Enhancing PFAS Degradation through Far-UVC Photolysis Coupled with Electrochemical Oxidation and UV-Advanced Reduction Processes

Per- and polyfluoroalkyl substances (PFAS) represent a significant and persistent threat to water quality worldwide, posing major challenges due to their chemical stability, resistance to conventional treatment methods, and documented health risks. These contaminants, once released, persist in the environment for extended periods and have been detected in drinking water, surface water, groundwater, and even human blood. Conventional remediation techniques, such as granular activated carbon (GAC) adsorption, ion-exchange resins, and reverse osmosis, often struggle with shorter-chain PFAS compounds and merely shift contamination from one medium to another. As climate change intensifies rainfall and extreme weather, PFAS transport through runoff becomes increasingly likely, heightening the need for advanced treatment solutions.

In response to this pressing need, our work investigates an innovative remediation approach employing far-UVC radiation (222 nm) delivered by krypton chloride (KrCl*) excimer lamps. Unlike conventional low-pressure UV (LPUV) systems, which typically emit at 254 nm, or vacuum UV (VUV) systems at 185 nm, far-UVC at 222 nm offers a unique balance of high photon energy and minimal absorption by water. This balance enables deeper penetration into the water matrix and provides the potential for enhanced PFAS photolysis and subsequent defluorination. Preliminary findings indicate that certain PFAS, previously resistant to direct UV photolysis, may be more susceptible under far-UVC irradiation, thereby opening a promising new pathway for their degradation.
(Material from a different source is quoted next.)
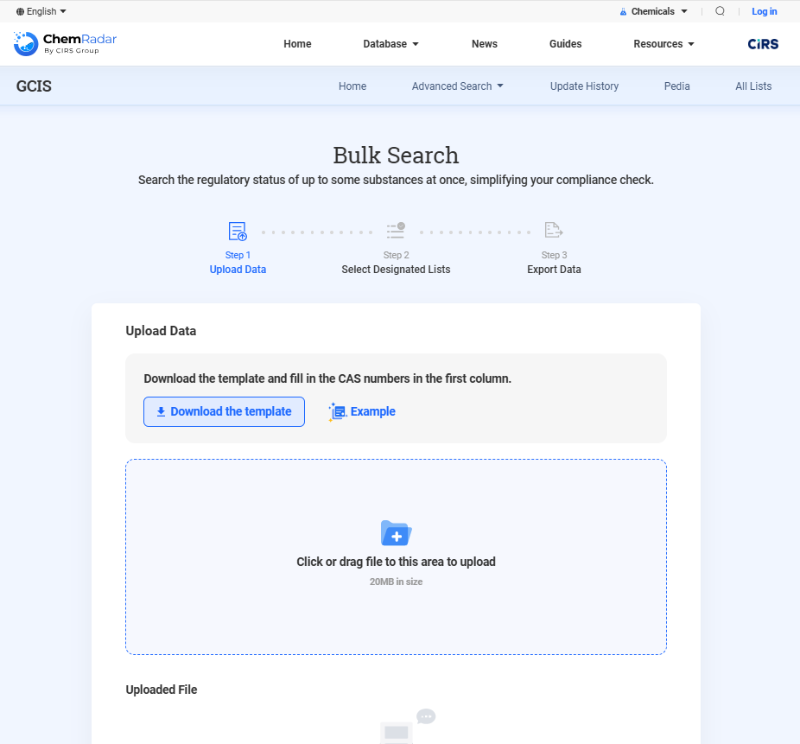 研發團隊、法規事務部、質量審核部常常需要在短時間內完成大批量物質的合規篩查。Chemradar全新批量查詢功能支持用戶自定義名錄范圍,單次最高可同時檢索 1000 個物質。僅需上傳template 文件,系統即可在數十秒內返回結構化的合規結果。
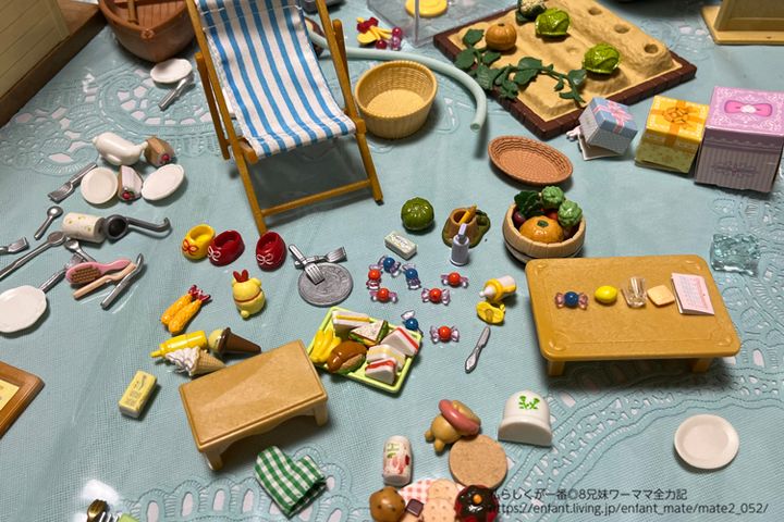 食品が豊富だと遊びが充実する一方、細かすぎて紛失も多々あります

While direct photolysis at 222 nm shows considerable promise, integrating far-UVC treatment with electrochemical oxidation (EOP) and UV-advanced reduction processes (UV-ARP) can further enhance PFAS degradation. EOP effectively removes dissolved organic matter (DOM), which often competes with PFAS for reactive species, thus reducing the overall efficiency of PFAS degradation. Meanwhile, UV-ARP generates highly reactive hydrated electrons (e_aq⁻) capable of breaking down PFAS. Although adding sulfide ions is one way to produce e_aq⁻, applying a sufficiently negative potential at a GAC cathode can also generate e_aq⁻ without introducing sulfur species. This approach requires careful consideration of competing hydrogen evolution reactions (HER), which may be thermodynamically unfavorable at a GAC cathode. By combining EOP with in situ e_aq⁻ generation in UV-ARP, PFAS can be more effectively targeted and degraded without adding extra chemicals. This integrated treatment aims to meet or surpass stringent U.S. Environmental Protection Agency (EPA) standards, ultimately facilitating the development of a portable, cost-effective, chemical-free, point-of-use water treatment system. Such a system would be especially valuable for communities experiencing environmental vulnerabilities, such as those in Puerto Rico studied by the PROTECT Center at Northeastern University, where limited infrastructure, contaminated water sources, and heightened susceptibility to adverse health outcomes underscore the urgency for sustainable PFAS remediation solutions.

By advancing the understanding of PFAS photolysis under far-UVC radiation and harnessing the combined power of EOP and UV-ARP, this work endeavors to provide an innovative solution. In doing so, it seeks not only to bridge the gap between laboratory research and practical application but also to enhance the resilience of water treatment systems against emerging contaminants and the challenges posed by a changing climate.